(Beginning of Data provided)
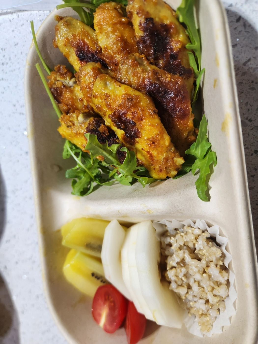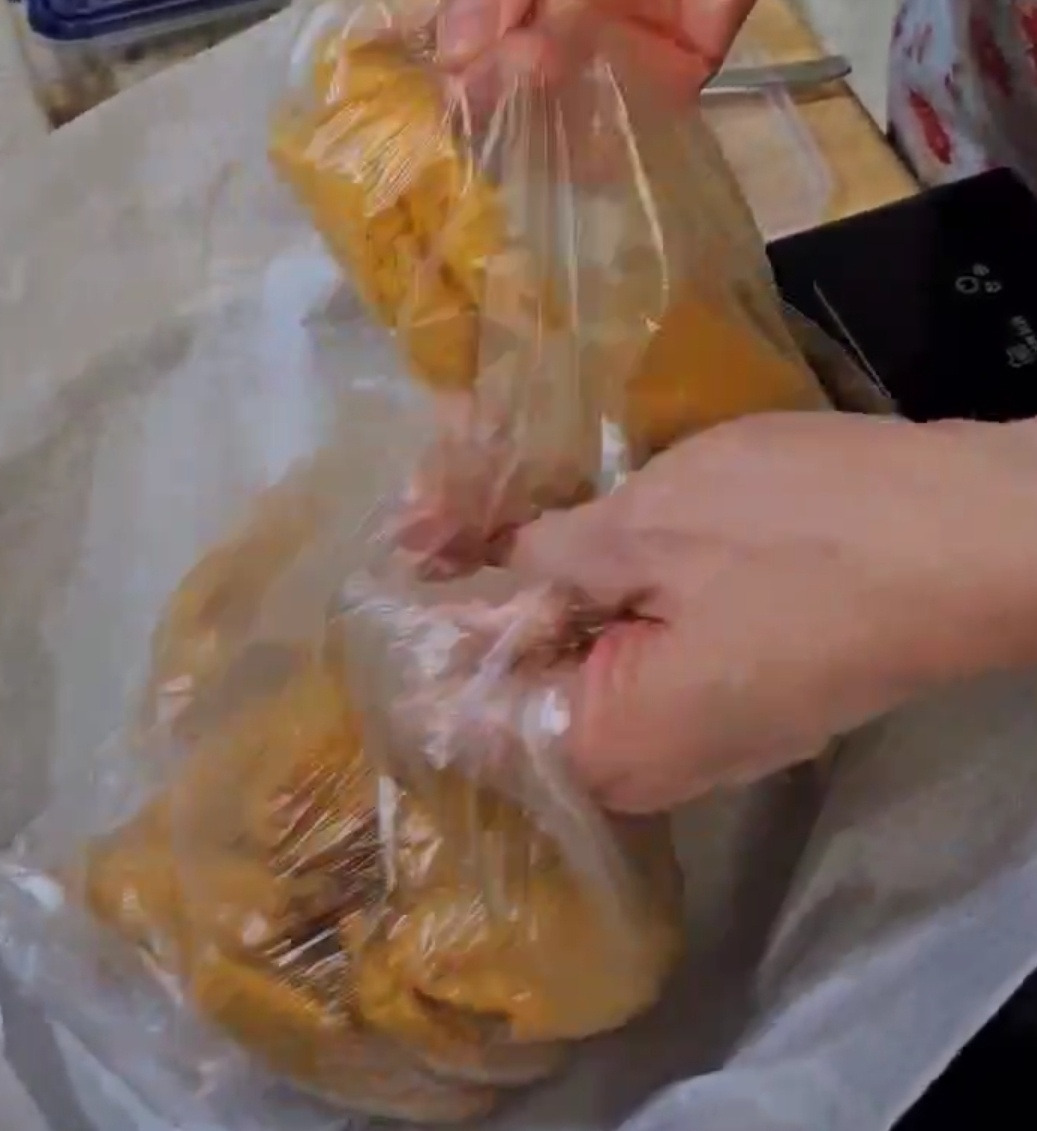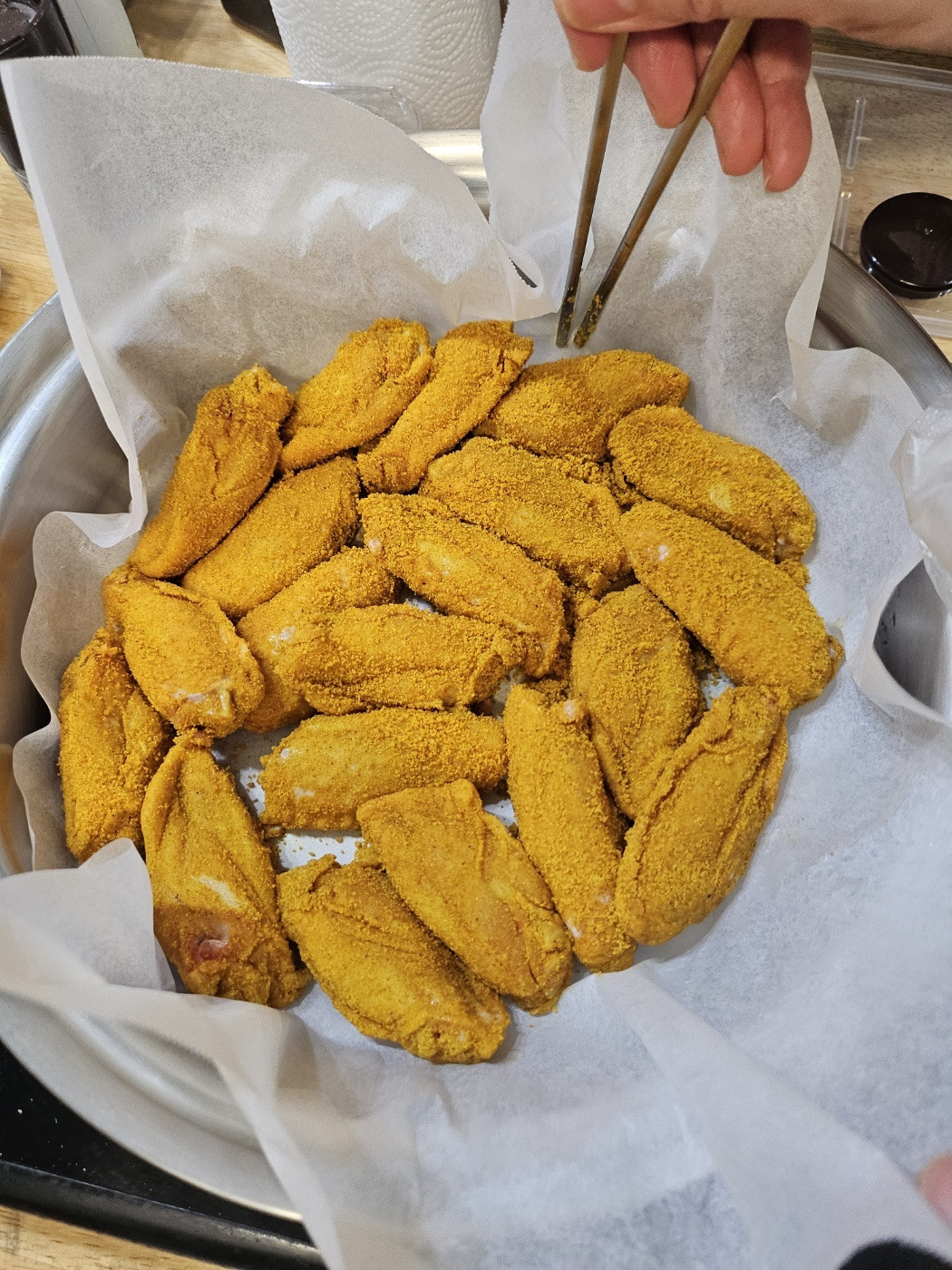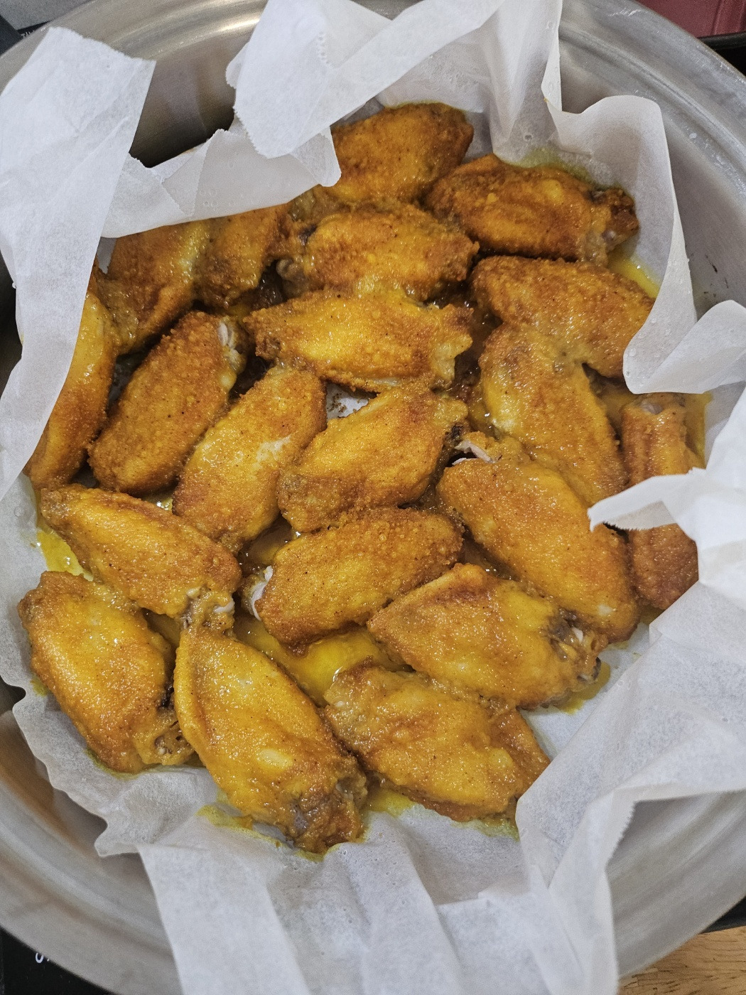 퀸 Ti 프라이팬이 다양한 요리를 뚝딱 해내는 것을 보면 '역시 장비발!!!' 이다. 새로 구입한 전동 거품기는 머랭을 순식간에 만들고, 며느리집에서 가져온 큰 믹서기는 단호박을 눈 깜짝할 사이에 갈아서 조리시간을 반으로 줄여주었다. 두 손과 주걱만으론 30분간의 가사노동을 피할 수 없었던 조리시간이 10분도 안되게 단축된 건 역시나 장비발이다. 여기에 빠질 수 없는 장비(?)가 바로 비닐봉지이다. 비닐봉지에 카레 가루를 넣고 물기를 닦아낸 치킨 윙을 넣고 아래위로 가볍게 흔들어 구우면 초간단 카레 윙 구이가 완성되고, 전분가루에 치킨 봉을 넣고 흔들어 튀기면엄마표 교촌치킨이 된다. 튀긴 치킨에 익숙해져 있던 우리 모녀를 새로운 맛의 세계로 안내한 것이 있었으니 바로 카레 윙 구이이다.
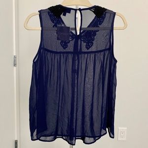 NWT Sheer Body 100% Polyester Collar 100% Cotton
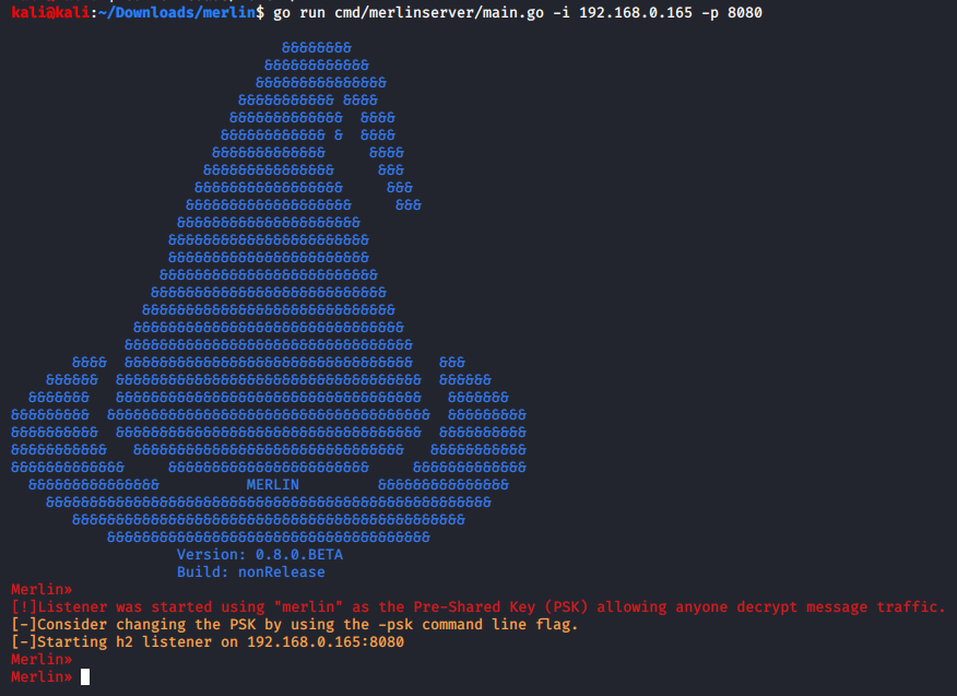 Figure 7: Starting the Merlin server with a specific IP/port.
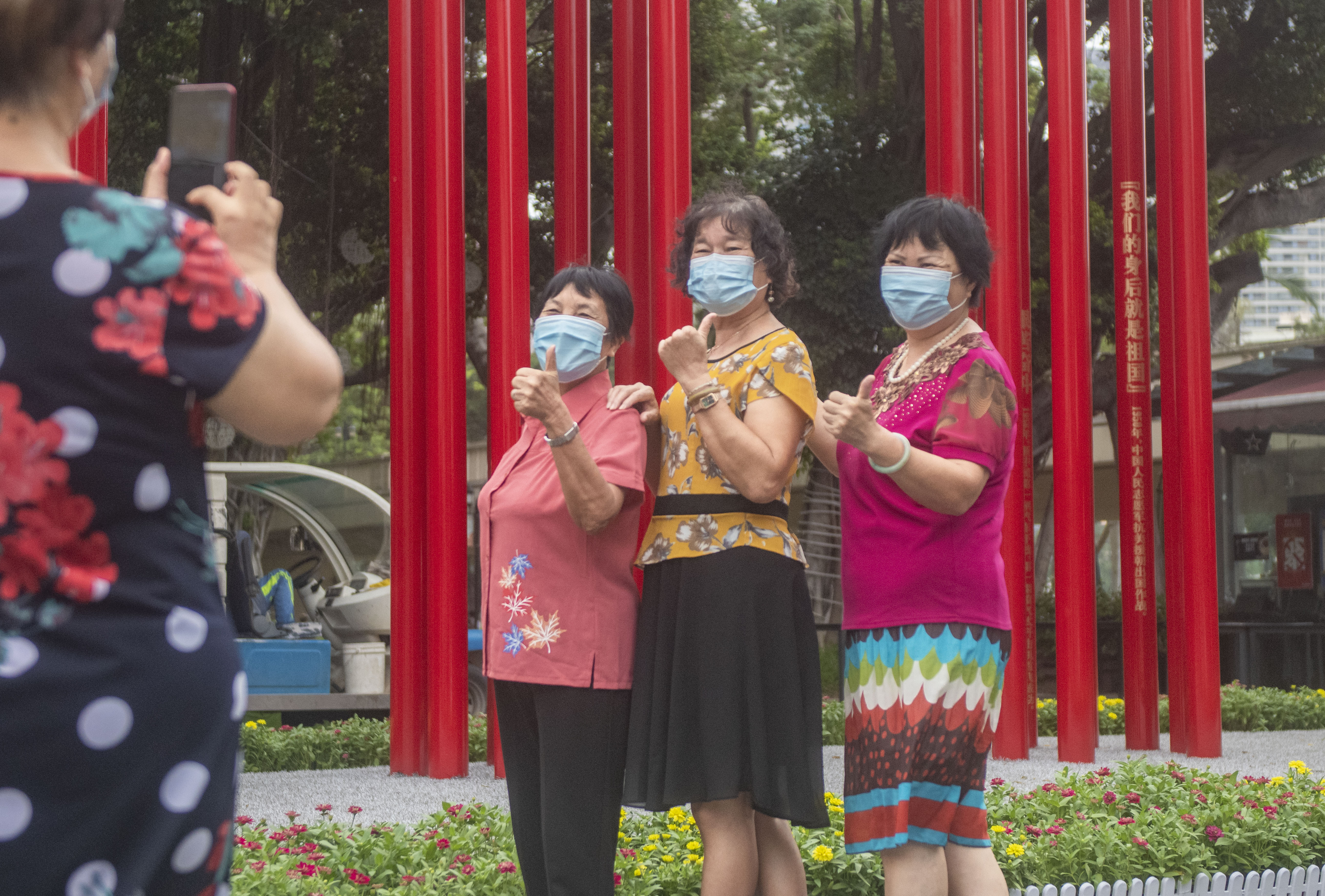 “看到祖国欣欣向荣,非常开心。广州非常美丽,市民的生活越来越好。”市民赖女士在广州市人民公园兴奋地用手机拍照,她想将靓照留在手机里带给家人看。
(End of Data provided)
- _Assignment_: Reproduce the data in full. Do not carry over any picture.

- _Output for this task_:
 퀸 Ti 프라이팬이 다양한 요리를 뚝딱 해내는 것을 보면 '역시 장비발!!!' 이다. 새로 구입한 전동 거품기는 머랭을 순식간에 만들고, 며느리집에서 가져온 큰 믹서기는 단호박을 눈 깜짝할 사이에 갈아서 조리시간을 반으로 줄여주었다. 두 손과 주걱만으론 30분간의 가사노동을 피할 수 없었던 조리시간이 10분도 안되게 단축된 건 역시나 장비발이다. 여기에 빠질 수 없는 장비(?)가 바로 비닐봉지이다. 비닐봉지에 카레 가루를 넣고 물기를 닦아낸 치킨 윙을 넣고 아래위로 가볍게 흔들어 구우면 초간단 카레 윙 구이가 완성되고, 전분가루에 치킨 봉을 넣고 흔들어 튀기면엄마표 교촌치킨이 된다. 튀긴 치킨에 익숙해져 있던 우리 모녀를 새로운 맛의 세계로 안내한 것이 있었으니 바로 카레 윙 구이이다.
 NWT Sheer Body 100% Polyester Collar 100% Cotton
 Figure 7: Starting the Merlin server with a specific IP/port.
 “看到祖国欣欣向荣,非常开心。广州非常美丽,市民的生活越来越好。”市民赖女士在广州市人民公园兴奋地用手机拍照,她想将靓照留在手机里带给家人看。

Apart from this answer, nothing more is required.